Pensées lointaines...

Depuis la côte d’Ivoire
vendredi 20 mars 2009.
 

L’année passée, dans mon quartier, j’avais fait fabriquer une petite table façon maquis au menuisier du coin. Il n’avait pas quinze ans. J’arrivai avec ma morale dite lumineuse, quoi mais quoi, faire bosser un gamin ? La table faite, j’étais allée la régler et la chercher. J’avais dit au petit « Mais, tu ne vas pas à l’école ? ». L’air malicieux de celui qui ne s’y fait pas prendre, il m’avait répondu « et toi, tu sais tailler le bois comme moi ? ». Silence. J’avais pris la table. Il m’avait encore jeté ce regard intrépide. Il avait pris la table, l’avait juchée sur sa tête, et fier comme un Dioula en marchant au côté de la blanche, il me l’avait livrée à domicile.

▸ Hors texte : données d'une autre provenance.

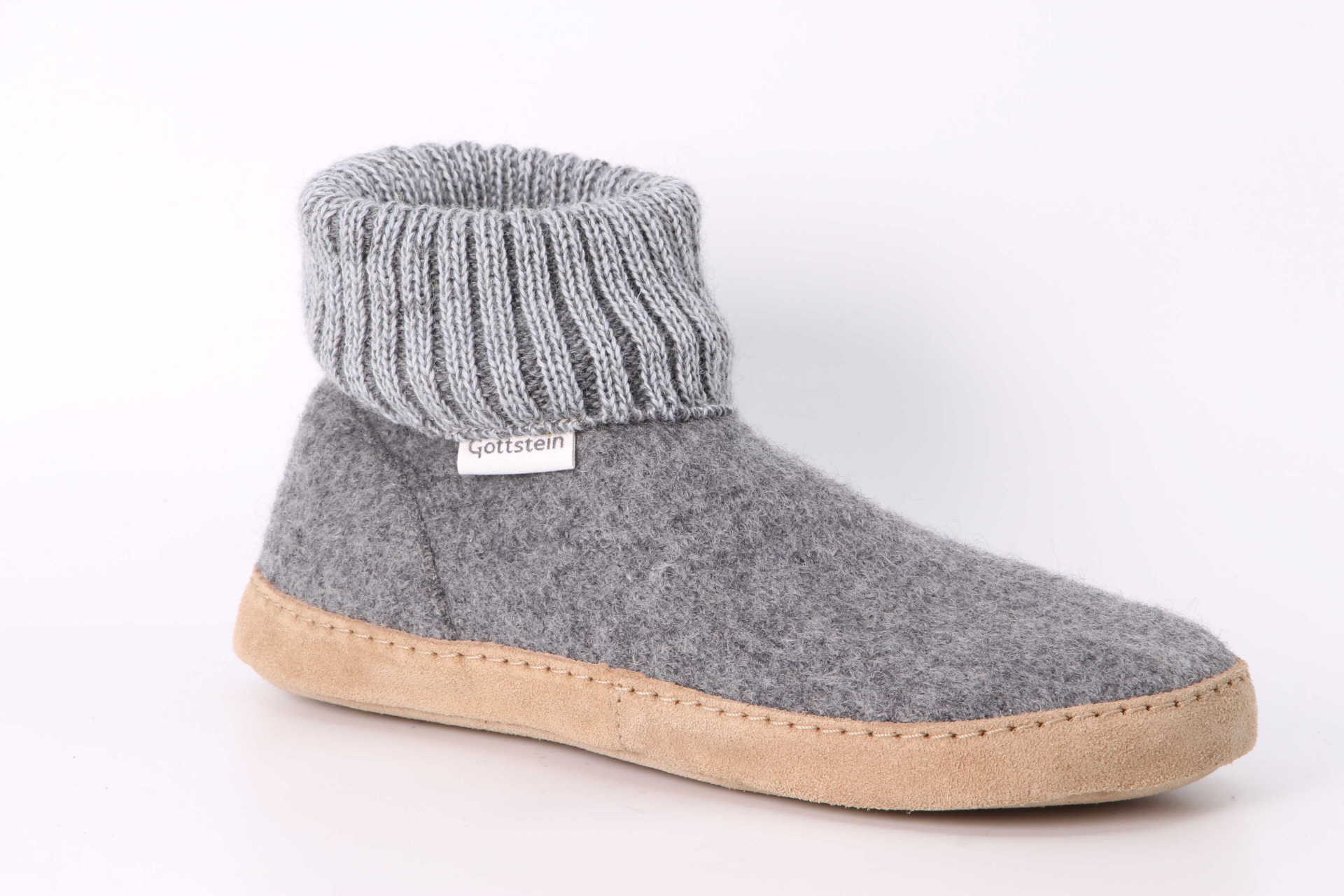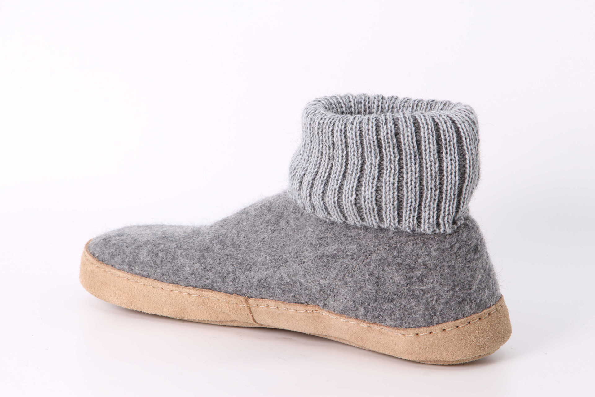 Dakota Hüttenschuh für Damen und Herren. Das Obermaterial aus robusten Walkstoff wird aus 100% Schafwolle gefertigt. Die gepolsterte Ledersohle ist besonders weich und bequem. Mit diesem Hüttenschuh läuft man leise und weich wie auf Wolken. Das Rippbündchen sorgt für eine gute Passform und ein angenehmes Tragegefühl. Der Walkstoff wird mit viel Expertise in einer Manufaktur für diesen Hüttenschuh hergestellt und mit reinem Tiroler Gebirgswasser, ohne jegliche Zusätze, gewalkt. Das Rippbündchen wird von einem Strickmeister mit viel Liebe zum Detail gestrickt und der Zuschnitt aller Teile inklusive Sohle erfolgt in einer Manufaktur in Tirol.

Save the children, l’ONG, est dans la place, à Abidjan, et s’installe partout où les gamins n’ont pas le cul sur le banc scolaire. Enfin, partout dans le « Tiers Monde » car sont-ils même à St Denis, en France, chez nous ? En entendant parler d’eux, en rencontrant l’une de leur employée, je me demande qui ils aident dans leurs actions. Ses enfants qui vont au champ le matin, à l’école l’après-midi, ces autres qui n’y vont pas du tout mais vivent dans la débrouille ? Ou bien nous et notre vision du monde ? En envoyant l’ONG sur place, on se donne bonne conscience. Et l’ONG fait son business...

Je me souviens de ton image, ami Florian, mon frère, lorsque tu revenais du Burkina. « Les ONG sont des pansements sur une jambe qui a la gangrène. On met ses pansements pour ne plus voir le mal, nous, gens du Nord »...

Je ne dirais pas que la jambe a absolument la gangrène, ou pour le moins, le corps entier a assez de ressource pour l’évacuer. Mais si nous lui laissons l’occasion de l’évacuer lui-même, si nous laissons enfin à ses pays la paternité de leurs actions...

Bien sûr, tout le monde doit avoir droit à l’éducation et bien sûr cela ne signifie pas qu’il faut rester loin, tourner le dos. Non. Mais seulement mettre à profit ce que nous savons faire en fonction de la demande locale, en connaissance réelle du terrain, en accord avec tous, et suivant leurs idées...

Alors, alors, peut-être, et comme nous le disions récemment avec des amis d’ici et de là-bas, des ONG africaines se monteront aussi pour venir nous apprendre la force de vie, le respect de l’autre dans la communauté, le langage du corps.... que nous tentions d’éradiquer nos maladies nerveuses, nos cancers prématurés, nos attitudes inhumaines à l’égard des vieux qui nous ont enfantés...

Si toutefois nous réfléchissions en termes de culture, donc de réelle interculturalité...

Je suis à l’orée du bois, du bois sacré, du bois étrange, du bois humain, du monde abidjanais... Je reste la blanche dont on vient toucher les cheveux et la peau, pour voir si c’est pareil, à qui l’ont dit « emmène-moi en France, j’y ferais ce que tu veux », ses phrases récurrentes qui m’attristent. Ici non plus, on n’est pas exempts de clichés liés à la méconnaissance des diverses réalités. Mais aux yeux de ceux qui me connaissent et que j’apprends à connaitre, je suis la fille, la petite sœur, venue d’ailleurs mais bien ici. J’apprends à chasser la paille qui est dans mon œil avant de jeter de péremptoires jugements, face à la force vitale défiant sans cesse la mort de ceux qui savent que peu fait déjà beaucoup. Et doucement, mon œil et mes oreilles me donnent l’occasion d’entrer plus avant dans cette vie.